A young man with wooden leg, became her closest friend.
And he would go and find her when she wandered, old and weak,
and always softly say 'Yes dear John will be coming home next week.'


Then when she died, Bluey moved on to Queensland some did say.
I tried to find out where he went, but don't know to this day.
And Kathy never wed, a lonely spinster some found odd.
She wouldn't set foot in a church she'd turned her back on God.

John's mother left no Will, I learned, on my detective trail.
This explains my photo's journey, of that clearance sale.
So I continued digging, cause, I wanted to know more.
I found John's name with thousands, in the records of the war.


His last ride proved his courage a ride you will acclaim
The Light Horse Charge at Beersheba of everlasting fame.
That last day in October back in 1917,
at 4pm our brave boys fell that sad fact I did glean.

That's when John's life was sacrificed, the record's crystal
clear.


But 4pm in Beersheba is midnight over here ...
So as John's gallant sprit rose, to cross the great divide,
Were lightning bolts back home, a signal from the other side?

Is that why Billy bolted, and went racing as in pain ?
Because he'd never feel his master, on his back again !
Was it coincidental ? Same time... Same day Same date !
Some proof of numerology or just a quirk of fate ?


I think it's more than that you know, as I've heard wiser men,
Acknowledge there are many things, that go beyond our ken

Where craggy peaks guard secrets, neath dark skies torn asunder,
Where hoofbeats are companions, to the rolling waves of thunder


Where lightning cracks like 303's, and ricochets again,
Where howling moaning gusts of wind, sound just like dying men
Some Mountain cattlemen have sworn, on lonely alpine track,
They've glimpsed a huge black stallion with Light Horseman on his back.

 

Yes Sceptics say, it's swirling clouds, just forming apparitions.
Oh No, My friend you can't dismiss all this as, superstition.


The desert of Beersheba or a windswept Aussie range,
John Stuart rides on forever there I don't find that at all strange.

Now some gaze upon this photo, and they often question me,
and I tell them a small white lie, and say he's family.

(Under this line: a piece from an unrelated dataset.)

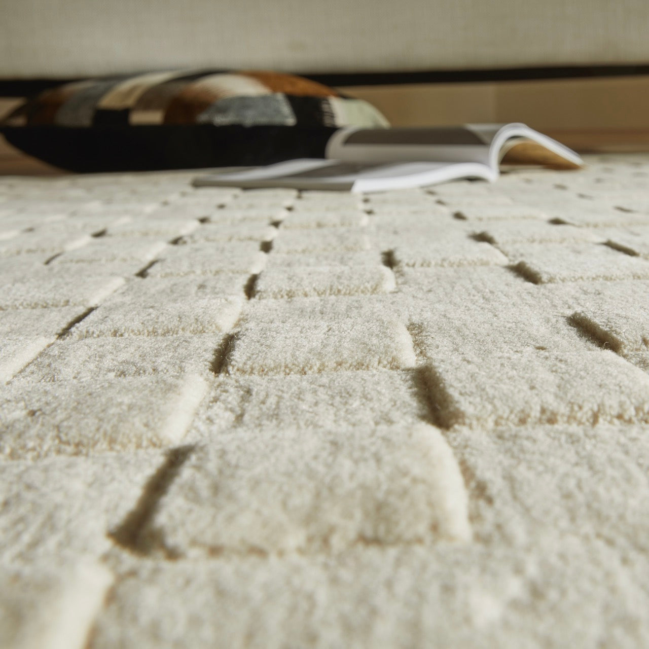 Fabriqué à la main en Inde à partir de laine de haute qualité, ce tapis présente un velours dense et compact. Il est agréable sous les pieds, tout en restant parfaitement adapté à un usage quotidien. Le léger travail de carving évite toute impression de surface plate et confère au tapis une élégance sobre et durable.

'You must be proud of him.' they say I tell them, one and all,
That's why he takes the pride of place

The Anzac on the Wall..

 

Lest We Forget



__________________

Best wishes to all from

Cooee

 

Knowledge is knowing that a tomato is a fruit.
Wisdom is knowing not to put it into a fruit salad.

 

JRH


Guru

Status: Offline
Posts: 2951
Date:

That is beautiful Cooee,  here is another poem I find beautiful.

 

THE FINAL INSPECTION

The Soldier stood and faced his God,

Which must always come to pass.

He hoped his shoes were shining,

Just as brightly as his brass.



"Step forward now, you Soldier,

How shall I deal with you?

Have you always turned the other cheek?

To My Church have you been true?"



The Soldier squared his shoulders and said,

"No, my Lord, I ain't.

Because those of us who carry guns,

Can't always be a saint.


I've had to work most Sundays,

And at times my talk was tough.

And sometimes I've been violent,

Because the world is awfully rough.



But, I never took a dollar,

That wasn't mine to keep...

Though I worked a lot of overtime,

When the bills got just too steep.



And I never passed a cry for help,

Though at times I shook with fear.

And sometimes, God, forgive me,

I've wept unmanly tears.



I know I don't deserve a place,

Among the people here.

They never wanted me around,

Except to calm their fears.



If you've a place for me here, Lord,
It needn't be so grand.



-- Edited by JRH on Friday 25th of April 2014 02:08:31 PM

__________________
If I don't get there today, I'll get there tomorrow or the day after.